実のところ、ここ最近取引がうまくいかず、敷居が高い状態となっていた。
それを知ってか知らずか、香の一言は日出雄に勇気を与えてくれた。
「子供がお好きなんですね。」
「それはどうでしょう。子供からは好かれるみたいですね。私自身が子供ですから。」
照れ笑いを浮かべる日出雄は本当に大きな子供に映ったことだろう。
会社の同僚や先輩方は優秀な人たちが多い。
良く言えば洗練された感じであり、悪く言えば人としての魅力が薄い。その中で日出雄は魅力的だった。

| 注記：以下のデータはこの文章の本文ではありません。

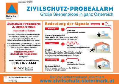 Am Samstag, den 4. Oktober 2025, wird wieder ein bundesweiter Zivilschutz-Probealarm durchgeführt. Zwischen 12:00 und 12:45 Uhr werden nach dem Signal „Sirenenprobe“ die drei Zivilschutzsignale „Warnung“, „Alarm“ und „Entwarnung“ in ganz Österreich ausgestrahlt werden. Der Probealarm dient einerseits zur Überprüfung der technischen Einrichtungen des Warn- und Alarmsystems, andererseits soll die Bevölkerung mit diesen Signalen und ihrer Bedeutung vertraut gemacht werden.
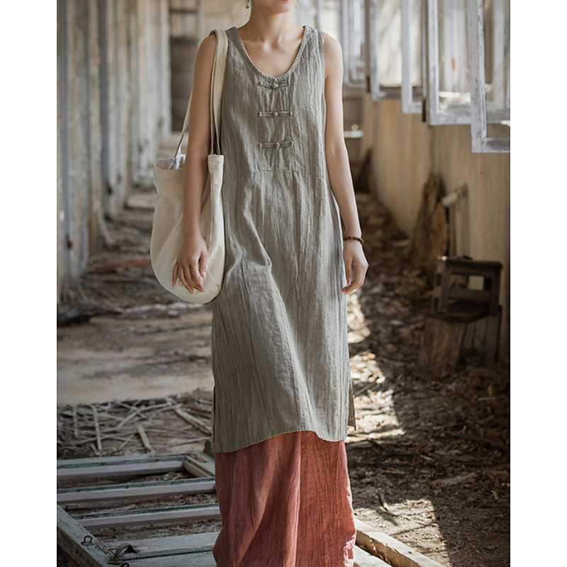 Women's Midi Dress Cotton Linen Dress Vintage Daily Outdoor Vacation Loose Fit Plain Sleeveless V Neck Light Yellow Light Purple Green Grey Summer Spring
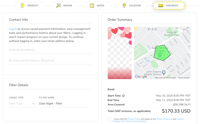 Aynı algoritmayı takip edin, kendi tasarımınızı yaratın, tarihleri ve alanı belirleyin, ardından Snapchat filtrenizi ödeyin ve onay için gönderin.
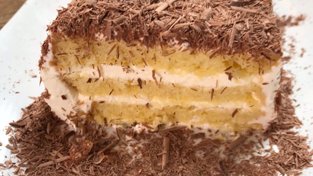 Tassez légèrement le tout. Couvrez de film alimentaire puis mettez au frais pendant au moins 2 heures. Démoulez le cake sur un plat de service en prenant soin de retirer le film. Masquez le cake avec le reste de la chantilly puis saupoudrez de copeaux de chocolat.
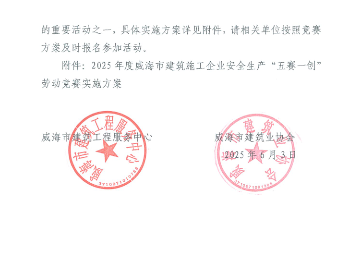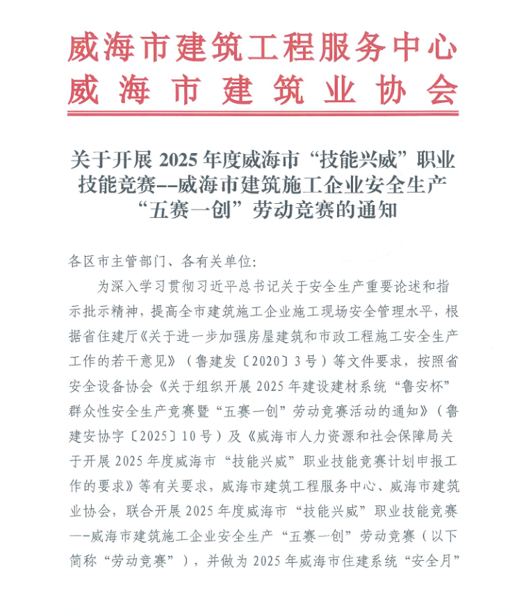 關(guān)于開展2025年度威海市“技能興威”職業(yè)技能競(jìng)賽--威海市建筑施工企業(yè)安全生產(chǎn)“五賽一創(chuàng)”勞動(dòng)競(jìng)賽的通知

「もうすぐお昼ですね。この辺でおいしいお店ってどこかありますか。」
「ありますよ、よろしければ御一緒しましょうか。」
日出雄は目を丸くした。
お店を訊いたことに他意はなかった。
とても喜ばしい話ではあるが、頭がついてこない。
どうしてそうなったのだろう。
とりあえず何か返事をしなければ、と口を開いた日出雄。
「宜しくお願いします。」とお手本のようなお辞儀をしてしまっていた。
香は左手を口に添えてこらえていたが耐えきれず、声を出して笑ってしまった。
これをきっかけに二人の交際は始まった。